A tortura levada a esse extrema perversidade, por conseguinte, a essa ignomínia da ação do ser humano sobre outro ser humano indefeso, extrapola os limites do instinto de violência a que os indivíduos podem atingir em situações geradas pelas guerras.
           Todos os atos de violência e de covardia, de sadismo e de inimagináveis maneiras de suplício contra prisioneiros não podem nem devem permanecer, aos olhos da  comunidade internacional, impunes. Todas as leis que resguardam os prisioneiros de guerra foram violadas e desprezadas. O que ocorreu foi o absoluto menosprezo da autoridades militares e governamentais  americanos no sentido de se sobreporem às leis e tratados internacionais nas questões concernentes ao estado de guerra. É altamente procedente que organismos de defesa dos direitos humanos se voltem para discutir essas práticas ominosas cometidas na prisão de Abu Ghraib. Mais ainda, os procedimentos usados contra os prisioneiros iraquianos, partiram de determinações de superiores e, portanto, a estes cabem as punições legais e responsabilidades maiores pelo que aconteceu naquela prisão de Bagdá. 
            Os autores do livro inclusive nomeiam os responsáveis diretos por mais essa tragédia de “brutalidade pura”: Donald Rumsfeld, Ricardo Sanchez, Jay Baybee (subscretário de justiça!), Janis Karpinski, além dos capachos de baixa patente. 

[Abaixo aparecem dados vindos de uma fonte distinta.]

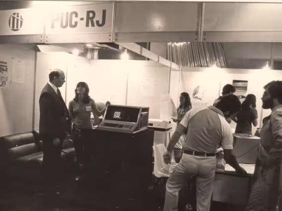 Visita do Reitor pe. Mac Dowell S.J. aos stands do XIII Congresso Nacional de Processamento de Dados.
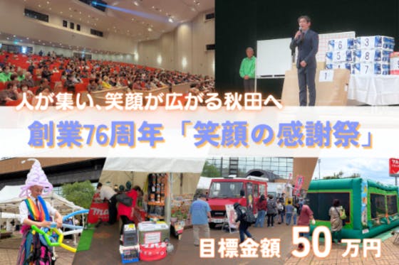 創業76周年の感謝を込めた「笑顔の感謝祭」を、地域の皆様と開催したい。イベント運営費や出店料無料のチャレンジマルシェ開催費用などの必要資金を集めています。少子高...
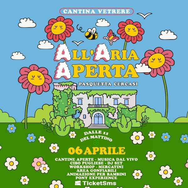 Lunedì 6 aprile 2026 Discoteca Cantine Vetrére di Montemesola ospita All’ Aria Aperta – Pasquetta cercasi una giornata tra i filari con cibo, musica e intrattenimento
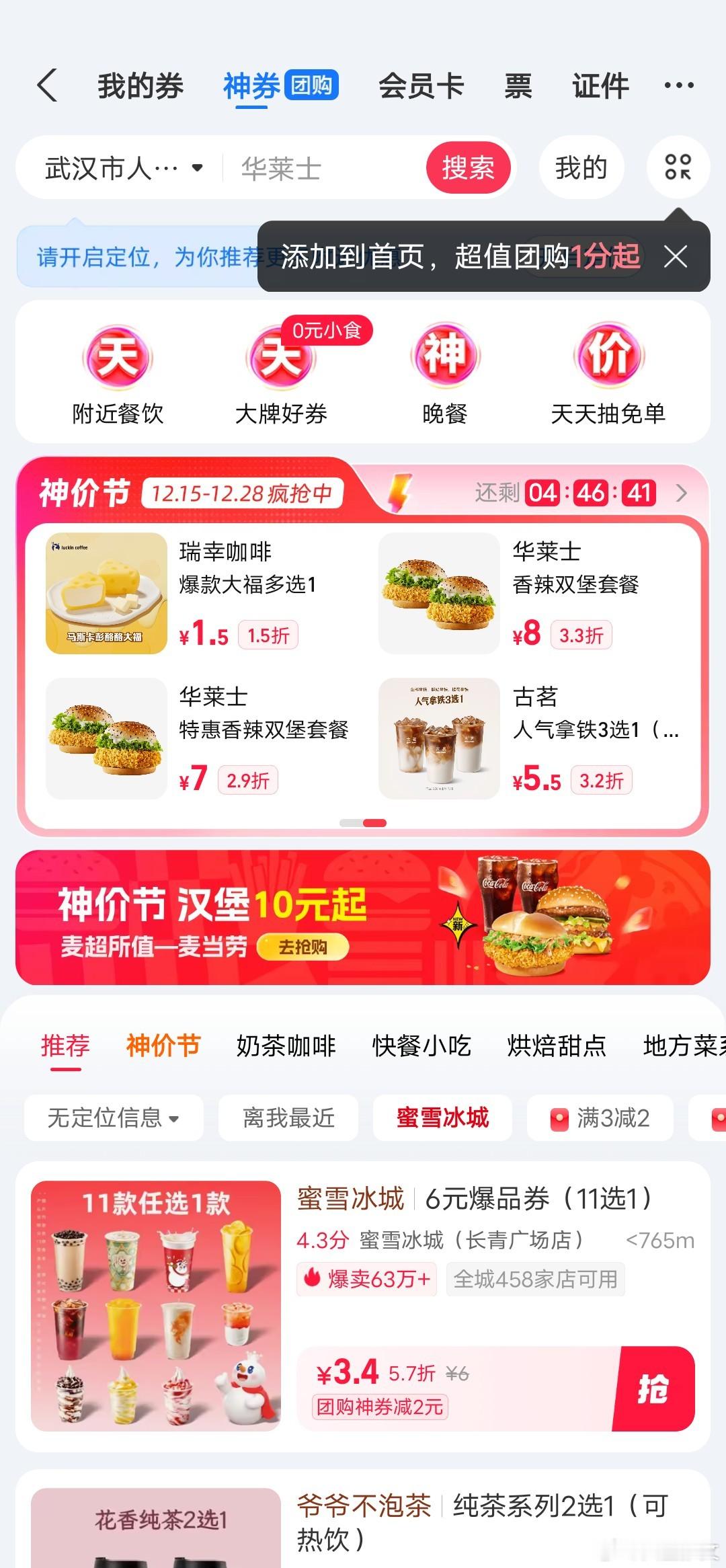 蜜雪冰城的冰箱贴,从支付宝团购神券进去,有新人优惠,买一杯蜜雪冰城饮品,再加购一
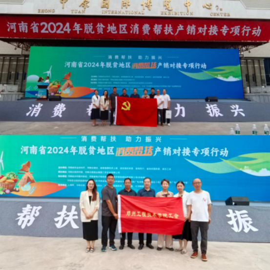 近日,河南省农业农村厅、河南省委直属机关工委、河南省发展改革委、河南省商务厅、河南省政府国资委、河南省总工会联合举办的河南省2024年脱贫地区消费帮扶产销对接专项行动在郑州市中原国际博览中心举行,消费帮扶是巩固拓展脱贫攻坚成果同乡村振兴有效衔接的重要举措,是增强脱贫地区和脱贫群众内生发展动力的有效途径。郑州工程技术学院高度重视此次产销对接专项行动,校党委委员、组织部部长李本带队,校工会、后勤服务中心、二级工会代表、驻村工作队一同参加。
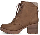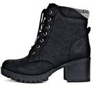Chunky high heel combat boot.
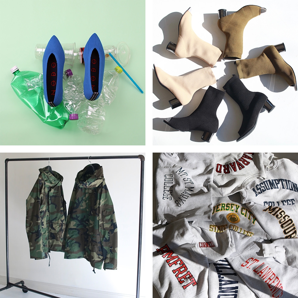 「k3」では、サステナブルとファッション性を両立する独自のアイテムを多数展開。リサイクルポリエステル100%をニットアッパーに採用している「NODOKNITS」とは、メタリックなローヒールが目を引く別注モデルを制作。古いストッキングを原料としたレッグウェアブランド「Swedish Stockings」との取り組みとして、店頭や、3階・4階エスカレーターサイドには使えなくなってしまったストッキングや靴下を回収する「SWE-S回収ボックス」を設置。回収されたストッキングは100%リサイクルされ、新しい素材に生まれ変わる。他にも渋谷PARCO店限定で、k3&co.ディレクターKojima Reiko氏がセレクトしたヴィンテージアイテムを「G.V.G.V.」やインポートアイテムとミックスさせてスタイリング提案をするなど、環境配慮についてもエッジの効いた価値観から発信し続けている。
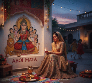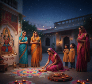 Once upon a time, a moneylender lived in a city. He had seven sons, daughters-in-law and a daughter. A few days before Diwali, his daughter went with her sisters-in-law to collect clean soil from the forest for plastering the house. While collecting soil in the forest, a child of a moneylender died due to a hoe.
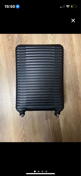 Maleta de viaje negra con un diseño de líneas horizontales. (incluye ropa y zapatos) - Diseño de líneas horizontales. - Cuatro ruedas para facilitar el transporte.
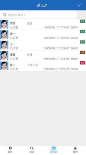 全部工作人员的去向状态可以在去向助手app里随时查看;
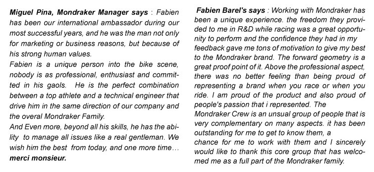 After five years together, Fabien Barel and Mondraker announce they are going their separate ways. Besides bringing Mondraker some great race results, and being an ambassador for the company Barel has been integral in the development aspect too, specifically with the Forward Geometry concept.
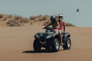 Men Riding Black and Gray ATV on Brown Sand
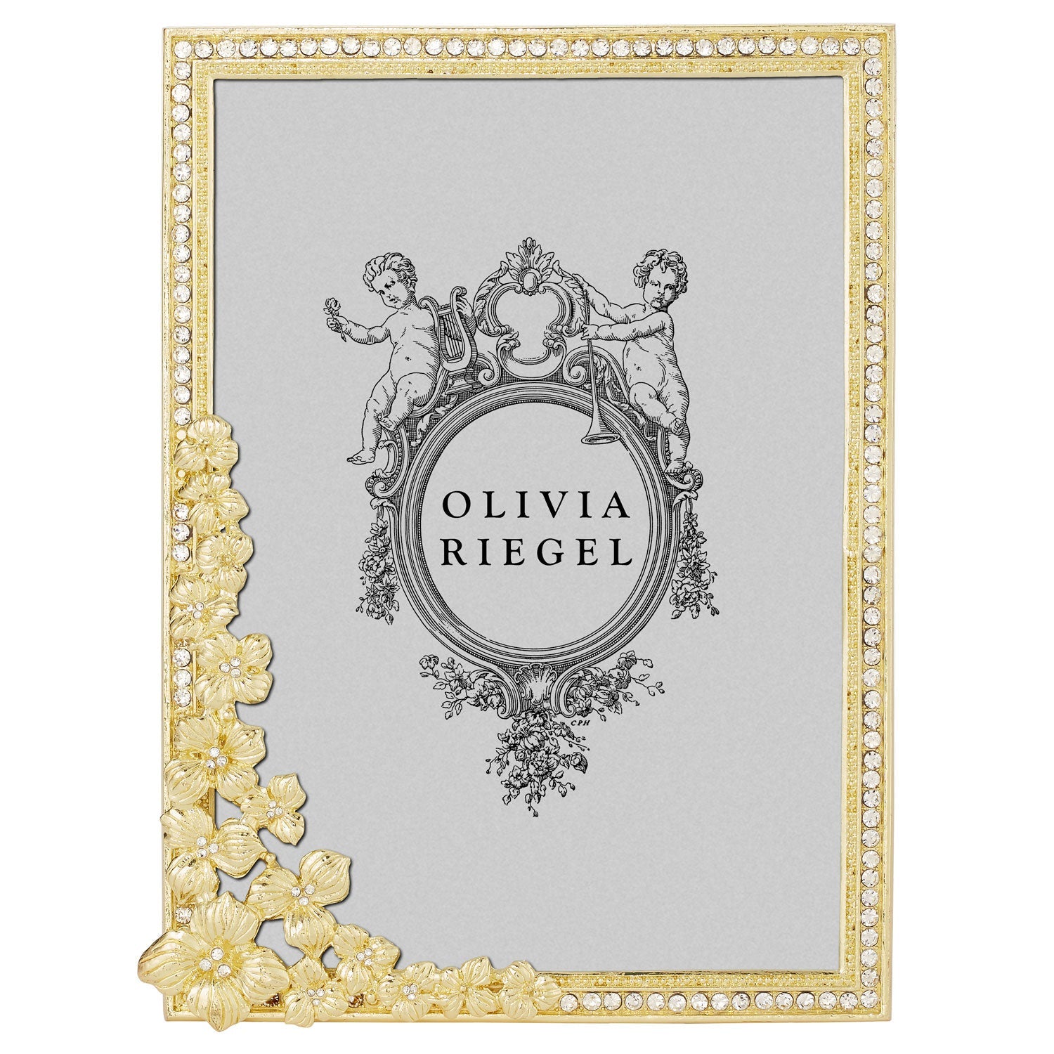 Gold finished pewter floral pattern, encrusted with hand-set clear European crystals. Elegant champagne moiré silk back, with easel designed for vertical or horizontal placement. Beveled glass. Tarnish resistant. Signature luxury gift box included.
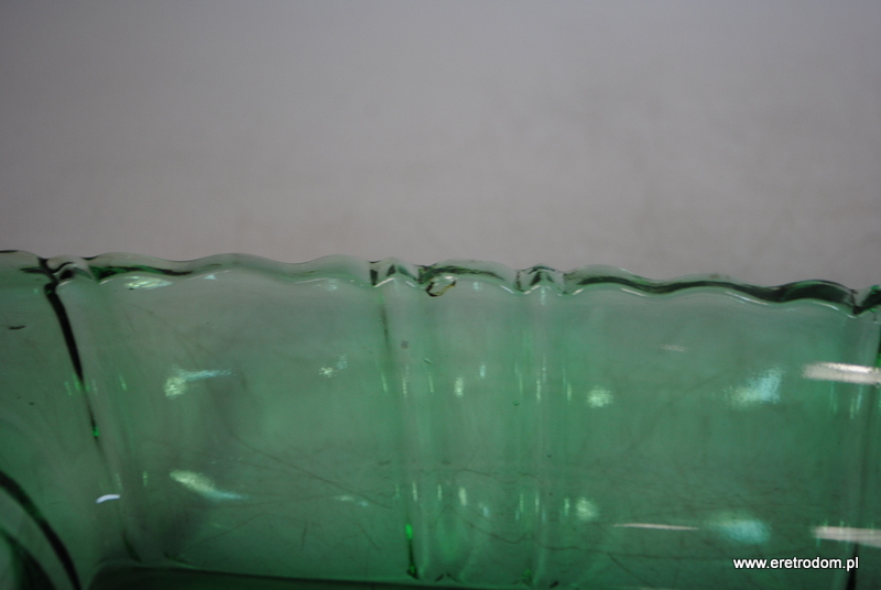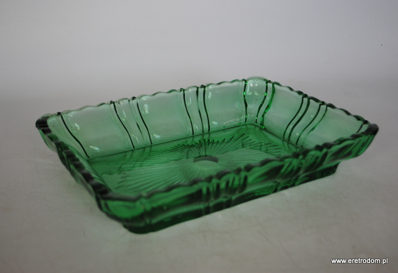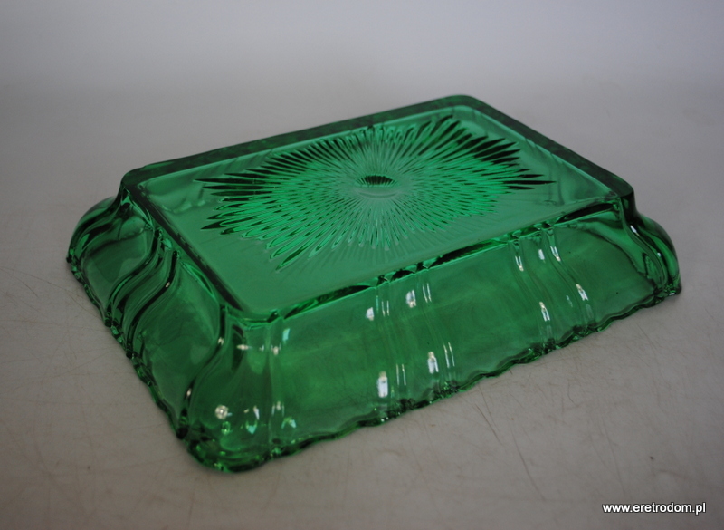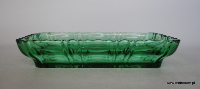 Taca wyprodukowana w HSG Ząbkowice (numer 1215). Szkło prasowane, barwione w masie.

            O mais grave é que os militares de patente inferior, mostravam-se completamente destituídos de quaisquer sentimentos de culpa ou de misericórdia pelos humilhados e ofendidos pelas torturas.  Até que ponto pode chegar a insensatez humana, num exemplo escabroso de insensibilidade pelos semelhantes?
          Porém, de uma coisa estamos certos. Tudo isso se passou na administração do Bush filho e o mais monstruoso fato: tudo se fez – guerra, bombardeios, invasão de um país, genocídio, sob a justificativa cretina de que o Iraque dispunha de armas nucleares, quando o que o governo americano desejava era tão-somente apossar-se do petróleo
          A charada está resolvida. Sabemos quem é o culpado-mor e quais são os coadjuvantes nessa chacina e nessas torturas de prisioneiros, muitos deles, segundo os autores do livro, inocentes e ali, em Abu Ghraib atirados como animais pestilentos. Aquela triste e repugnante imagem da foto em que Lyndie England se exibe segurando uma espécie de corda presa ao pescoço de um prisioneiro iraquiano de nome Gus, deitado ao chão, possivelmente despido, não pode ser jamais esquecida como exemplo de brutalidade e maldade que a criatura humana é capaz de praticar. E sabe por que, leitor, esse anjo decaído estava fazendo tal vilania? Para satisfazer a um pedido do namorado, um sargento de nome Graner.
         O governo recém-empossado de Barack Obama não pode fechar os olhos para tamanho crime contra a Humanidade.